И все же он иногда спрашивал себя: «Счастлив ли я с ней?» И хотя отвечал: «Да, счастлив», но уже в том, что вопрос этот возникал перед ним, было что-то такое, что заставляло сомневаться в этом.
Люди вполне счастливые не думают, счастливы ли они; они просто живут и не замечают своего счастья.
Может быть, если бы Лукин не знал другой жизни, чем та, какою он жил с Зиной; если бы всей своей комсомольской, а затем партийной работой не был включен в тот общий захватывающий трудовой ритм, когда все в стране было приведено в движение в поисках совершенных форм руководства производством и всякое даже незначительное начинание сейчас же подхватывалось, поощрялось и, не успев развиться, заслонялось новым и новым, будоража и увлекая умы и сердца людей; и если бы все эти устремления времени он не ощутил с такой отчетливой близостью в Галине с ее неутомимой жизнедеятельной суетой и переменою дел и настроения (со временем он помнил в ней только это, что она постоянно стремилась к чему-то), он был бы вполне доволен тем, как он жил теперь с Зиной. Но он знал другое, и ему не хватало беспокойства, которого не было в Зине; и, присматриваясь к ней, он постепенно начал понимать, что нет и не было в ней никакой неразбуженной силы, не было ничего загадочного, а было только страстное поклонение раз избранным канонам жизни; каноны эти были впечатляющи, в них было все то нравственно высокое и чистое, что не могло не вызывать уважения; но в них было и другое — та ограничивающая деятельность деревенского человека черта жизни, за которую нельзя было как будто без риска быть осмеянным, как считала Зина, переступать никому. У нее никогда не возникало желания сделать что-то большее, чем то, что она делала каждый день, и ее вполне удовлетворял этот замкнутый круг ее интересов. Она старалась держать в этом кругу и Лукина, и то состояние раздвоенности, когда на работе, в поле, с людьми он продолжал оставаться все тем же прежним веселым и простоватым секретарем парткома, каким все знали его, а дома, как только переступал порог, сейчас же чувствовал, что будто попадал совсем в иной мир, где всему, даже шутейному, придавалось значение важности, — это состояние раздвоенности, прежде почти не замечавшееся им, начинало тяготить его. Он сопоставлял, как бы мог жить с Галиной и как жил теперь, и то ощущение пристани и отплывающего парохода с шумной толпой, цветами и музыкой на палубе, ощущение утраченной возможности жить той жизнью, от которой он так глупо и бессмысленно отказался тогда, как нечто навязчивое, как репьи на одежде с заросшего бурьяном пустыря, через который, спрямляя дорогу, случалось не раз ходить Лукину к старым хлебным амбарам, — именно это липкое и навязчивое, что надо было отдирать от себя, наслаивалось и неприятно и тревожно беспокоило его.

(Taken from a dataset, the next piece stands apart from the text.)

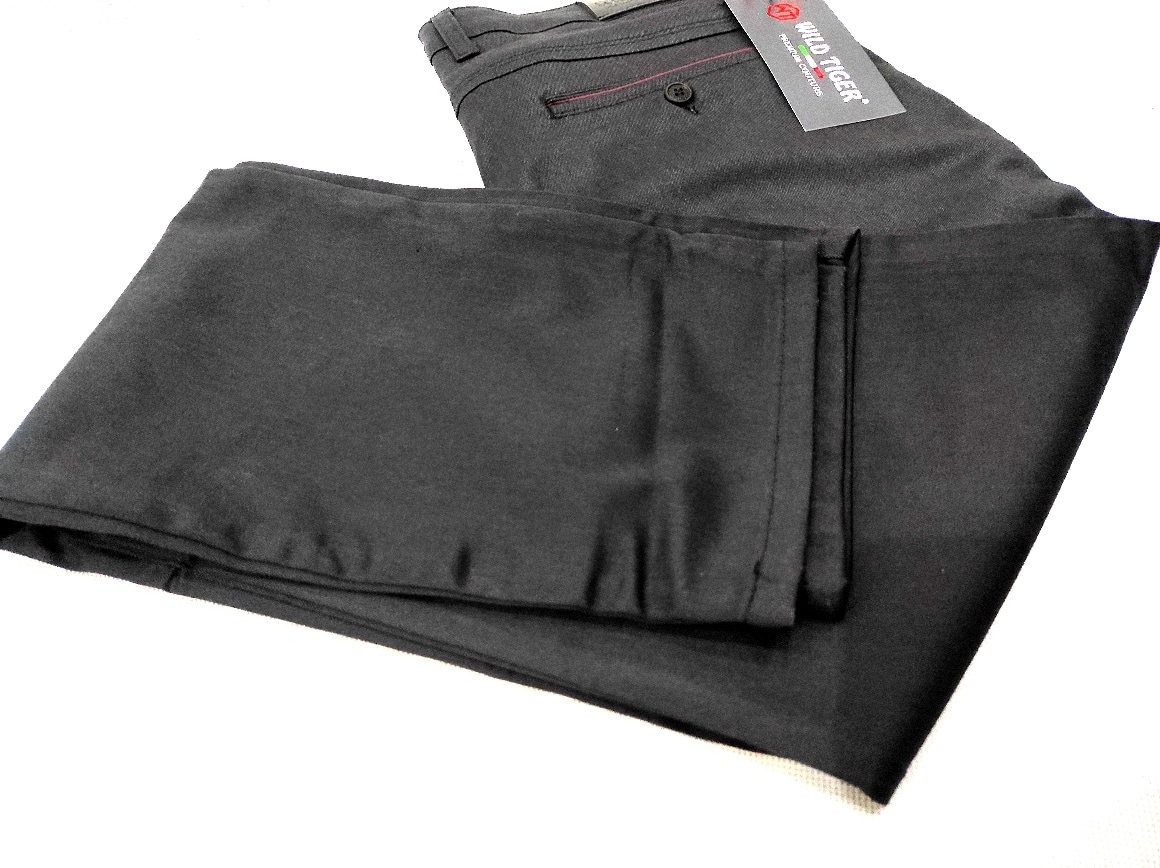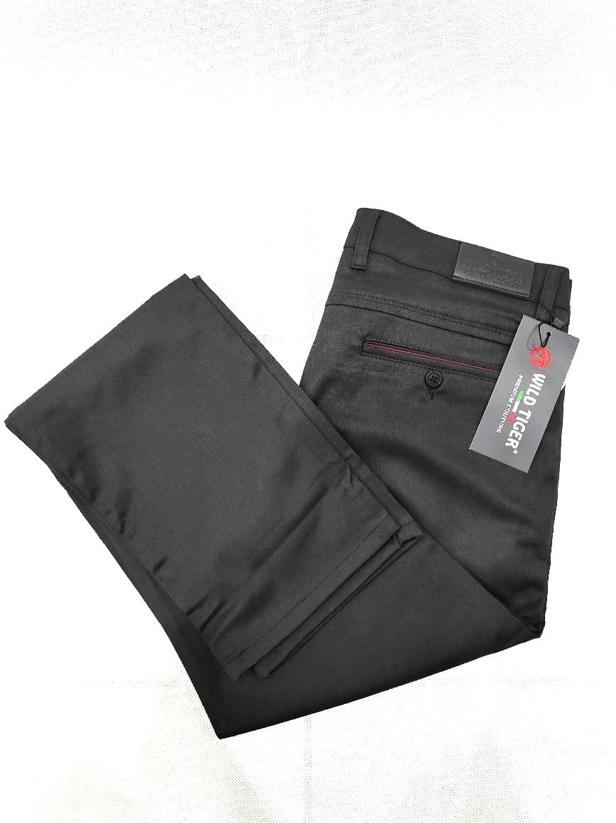 Spodnie Wild Tiger czarne, posiadające połysk. Slimowany krój spodni bez wątpienia fantastycznie układa się na męskiej sylwetce. W rzeczywistości kolor spodni jest dużo żywszy.(W zależności od ustawień monitora kolor spodni może nieznacznie odbiegać od koloru rzeczywistego )

Особенно остро он почувствовал, что что-то неверное совершил в жизни, когда однажды в Мценске, это было в то лето, когда Галина с Арсением, счастливая своим новым замужеством, гостила у отчима, увидел ее. Он увидел ее вечером, как раз в тот день, когда она с отчимом и мужем вернулась из Спасского-Лутовинова (и с Бежина луга, где Арсений на виду у тестя на конной косилке прошел загон), и та всегда волновавшая Лукина живость в ней, и прическа, и одежда, сейчас же выдававшая в ней не просто городскую, но столичную женщину (что в те годы было особенно разительно), сразу же было замечено им, и слежавшееся было уже чувство к ней вновь и с болью всколыхнулось в нем. Но он не подошел и не заговорил с ней; он только издали, из-за толпы людей наблюдал, как она вместе с Арсением проходила по противоположной стороне улицы; но, вернувшись на другой день к себе в совхозный поселок, Лукин двое суток не ночевал дома. Забравшись на отдаленный полевой стан, где работала бригада косарей-механизаторов, он с утра и до вечера лежал в тени под вагончиком, а на ночь уходил к незавершенному стогу сена, оставаясь один на один с мрачными своими мыслями, с ночной тишиной и звездным небом, на которое смотрел, то видя и синеву и звезды, то не видя ничего, кроме того, о чем думал и что хотелось видеть ему. Но как ни мучительно было его состояние и сколько ни думал он о своей судьбе, он ничего не мог придумать лучшего, чем вернуться в семью и жить с ней; и, усталый и опустошенный, придя домой на третий день, он впервые вдруг остановился у порога и долго и внимательно смотрел на Зину и на девочек, своих дочерей, которые словно в каком-то странном предчувствии недоброго прижимались с двух сторон плечиками и головками к матери.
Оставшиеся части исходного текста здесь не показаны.